Tras la ‘Solución Final’ decretada en la Conferencia de Wannsee en el amanecer de 1942, el campo de exterminio Auschwitz-Birkenau eliminó de la faz de la tierra a más de 1.500.000 judíos mediante fusilamientos, torturas inimaginables y cientos de actividades en las cámaras de gas. Sobre su desembarco, detalla horrorizada:

“Fue un estrés tan grande verse como un hombre siendo una niña. Cuando llegué me raparon y nos llevaron a una barranca, donde pusieron baldes para hacer las necesidades. Nos mirábamos unos a otros y no nos reconocíamos. Parecíamos monos. Cuando querías hacer las necesidades tenías vergüenza porque pensabas que eran todos hombres”.

Su numeración en el campo fue 48914; el cual conserva tatuado en su brazo izquierdo. Lo muestra, arremangándose su camisa. Y allí está, desteñido por el pasar de los años, con el triángulo por debajo, símbolo de que quien lo porta es judío. “Me marcaron, me quitaron la ropa y me pusieron unos pantalones más largos que yo, con suecos de madera. Tenía 14 años”, detalla, con voz resquebrajada.

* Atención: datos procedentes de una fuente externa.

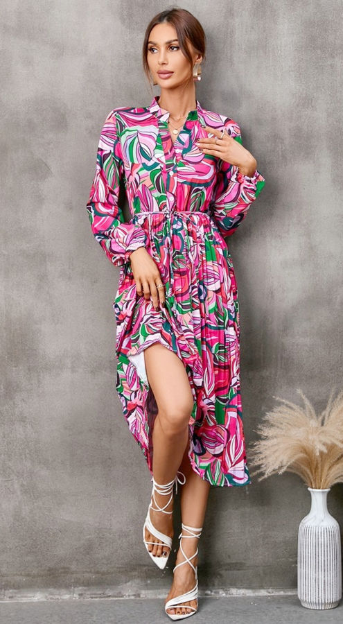 Dress Women Half Button Pleated Hem Belted Dress Leaf Print Long Stand Collar Sleeve Autumn Dress Women Casual Long Dress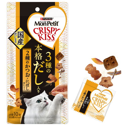 お魚を第1主原料に使用した、香り広がるクリスピーなおやつ。厳選した2種のかつおだしとにぼしだしをブレンド。魚介由来の贅沢なだしの香りと旨味が広がる美味しさ。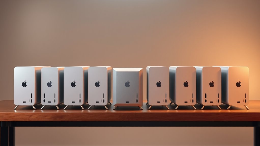 Choosing a renewed Mac Studio is like planting a sturdy sapling—you get the strength and growth potential without the hefty price tag. I once bought a renewed Mac mini that outperformed my expectations, proving quality isn’t just about brand new. With so many options in 2025, I say pick the one that fits your needs and budget—think of it as nurturing a future-proof investment that will grow with you.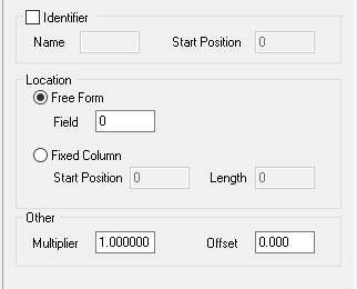 If the check box beside a data type is selected, then that data is present in the raw data file, and available for conversion. Each data type has a set of parameters that are displayed when it is selected. These parameters determine what parts of the text file are parsed for the configuration file.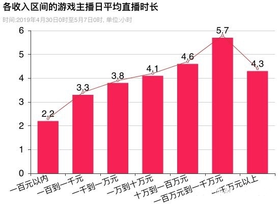 图表中的趋势告诉我们:是的。总收入一百元以内的直播,平均每日直播2.2小时,而总收入一百万到一千万的主播,平均每日直播5.7小时!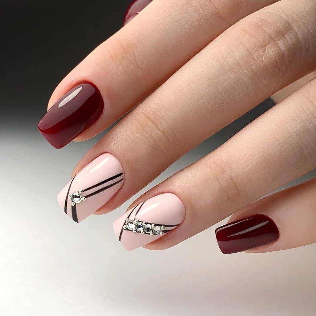 Элегантно выглядит на коротких и на длинных ноготках классический красный и бордовый дизайн.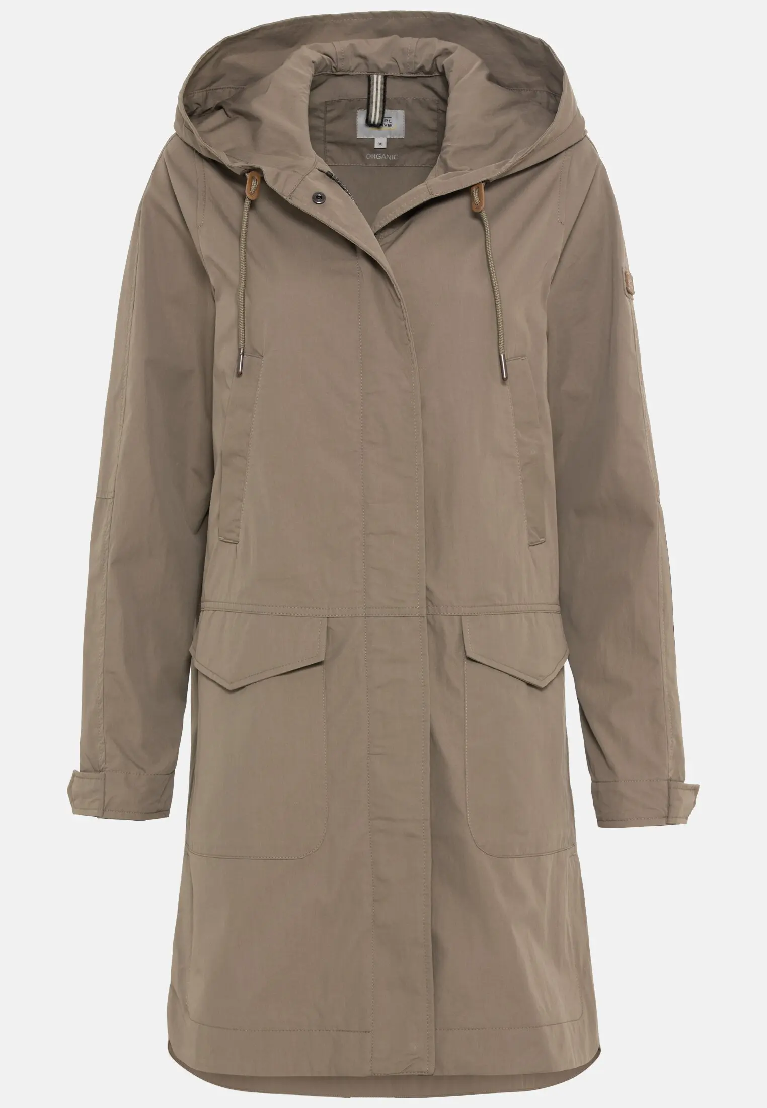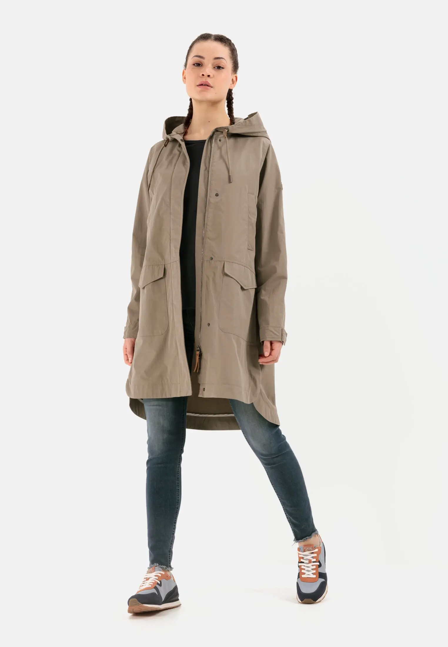 This cozy practical coat has a durable outer layer made from a comfortable cotton blend. Its patch flap pockets create a sporty look, while the feminine shawl collar on the fixed hood add a tasteful contrasting element. You can also use a convenient drawstring to adjust the hood volume precisely to your taste. Slits at the sides and a longer cut at the back for extra comfort complete the styling of this fashionable coat.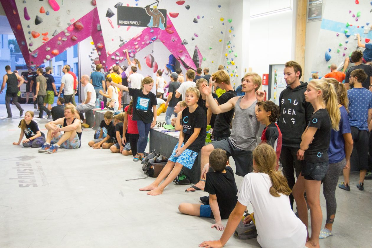 Michi ist extra mit seinen Kids aus der Boulderwelt München West angerückt, damit wir für alle Youngsters Gruppen zum Schuljahres Anfang zum aller ersten Mal eine übergreifende Wettkampfsimulation machen konnten. Jedes Kind durften sich an jeweils vier der acht Boulder, entsprechend seines Niveaus, innerhalb des Intervallmodus ausprobieren. Intervallmodus bedeutet, dass ein Starter nur 5 Minuten Zeit für einen Boulder hat. Wenn die Zeit abgelaufen ist, hat er 5 Minuten Pause bevor er zum nächsten Boulder darf. Und so weiter. Wer am Schluss die meisten Tops und Zonen in möglichst wenigen Versuchen geschafft hat, hat gewonnen.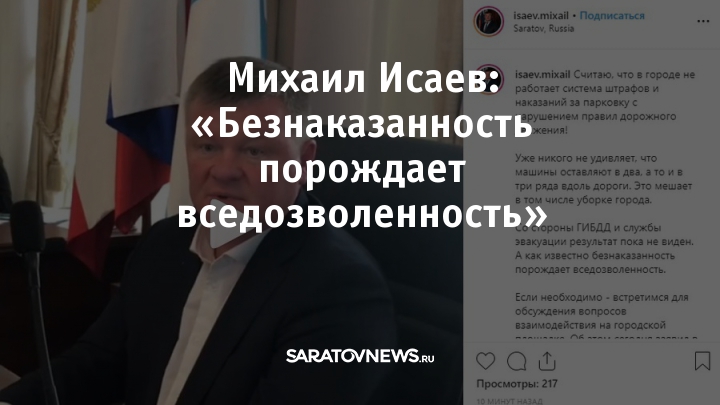 Вчера, 4 декабря, глава Саратова Михаил Исаев высказался о системе штрафов и наказаний за нарушение ПДД. Пост с критикой работы ГИБДД и службы эвакуации он разместил на своей странице в Instagram.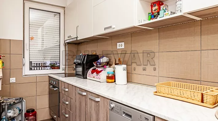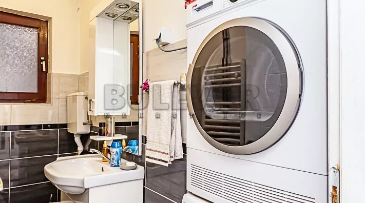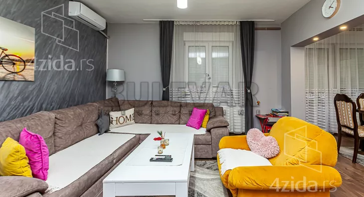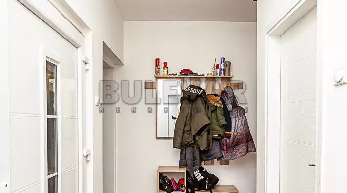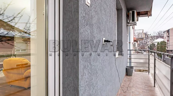 Na prodaju sprat kuće u Duvaništu bruto površine 120m2 neto površine97m2 sa podrumom , ½ potkrovlja (potkrovlje u sivoj fazi neto površine 36m2) i ½ placa površine 152m2. Kuća je spratnosti Po+Pr+I+Pk sa zajedničkim unutrašnjem stepeništem koje povezuje sve etaže. Kuća se nalazi na mirnoj lokaciji, pogodna je kako za porodični život, tako i za izdavanje. Struktura sprata je sledeća, ulazni hodnik, kupatilo, mokri čvor, dnevna soba sa izlazom na veliku terasu koja gleda ka ulici, trpezarija i kuhinja sa ostavom zasebno, i dve spavaće sobe, od toga jedna sa izlazom na terasu. Stolarija spoljna PVC, grejanje je etažno kotlom na pelet, na podu kvalitetan laminat u dnevnoj sobi klima, spoljna demit fasada sa izolacijom od stiropora debljine 8cm.Kuća, i plac su uknjiženi, svojina privatna, kuća ima odobrenje za gradnju, a nema odobrenje za upotrebu i nije urađeno etažno izdvanjanje stanova kao zasebnih celina. Prodaje se sa nameštajem i tehnikom. Za više informacija slobodno pozovite.

Auschwitz se transformó para Eugenia, su madre y millones de judíos más, en un sufrimiento inagotable y empecinado, que logró destruir el último vestigio de dignidad. Se quiebra, junta sus manos, mira al suelo, e intenta describir las peores atrocidades llevadas a cabo por los nazis:

“Viví ahí viendo cómo quemaban vivos a los chicos y los tiraban a los pozos, o los agarraban de las piernitas y le rompían la cabeza contra la pared. Las chicas que venían de Grecia las llevaban a una mesa y vivas les arrancaban los ovarios. A los hombres les sacaban los genitales. Una vez me llevaron a limpiar un galpón, entré y vi chicos colgados como unos pollos… estaban haciendo experimentos. Estaban ahorcados, de todos colores… amarillo, verde, violeta. Dije, Dios mío ¡¿Dónde estás?!”

Vi chicos colgados como pollos… ahorcados, de todos colores… amarillo, verde, violeta.

Entre lágrimas, Eugenia cuenta cómo eran sus días en el lugar más oscuro del planeta:

“El único remedio en Auschwitz era la orina. Nos bañábamos en orina, tomábamos orina. Comí carne humana, comí ratas. Uno cuando tiene hambre come lo que sea. Allí también aprendí alemán, porque si no te entendían te rompían en cien mil pedazos. Dormíamos uno arriba del otro. Muchas veces me levantaba a la noche y decía ‘corré los pies, corré las manos’… Pobre, estaban muertos. Pero dormía, porque así tenía calor, si no había ni frazadas. Ahí también tenías que trabajar… día y noche. Hice bombas, granadas, aviones, antiaéreos, canalizaciones de desechos”.

“Te mataban a cadenazos, había cámaras de torturas. Ellos decían que las duchas dentro de las cámaras de gas eran para bañarse, y cuando la gente entraba, abrían las duchas con Ziklon B; después los metían dentro de los crematorios. Estuve cientos de veces frente a las cámaras. Iba a entrar”, narra, sintiendo que siempre tuvo un ángel que la resguardó: “pesaba 27 kilos, tuve diarrea, tifoidea, neumonía, bronquitis. A veces me pregunto cómo hice para sobrevivir”.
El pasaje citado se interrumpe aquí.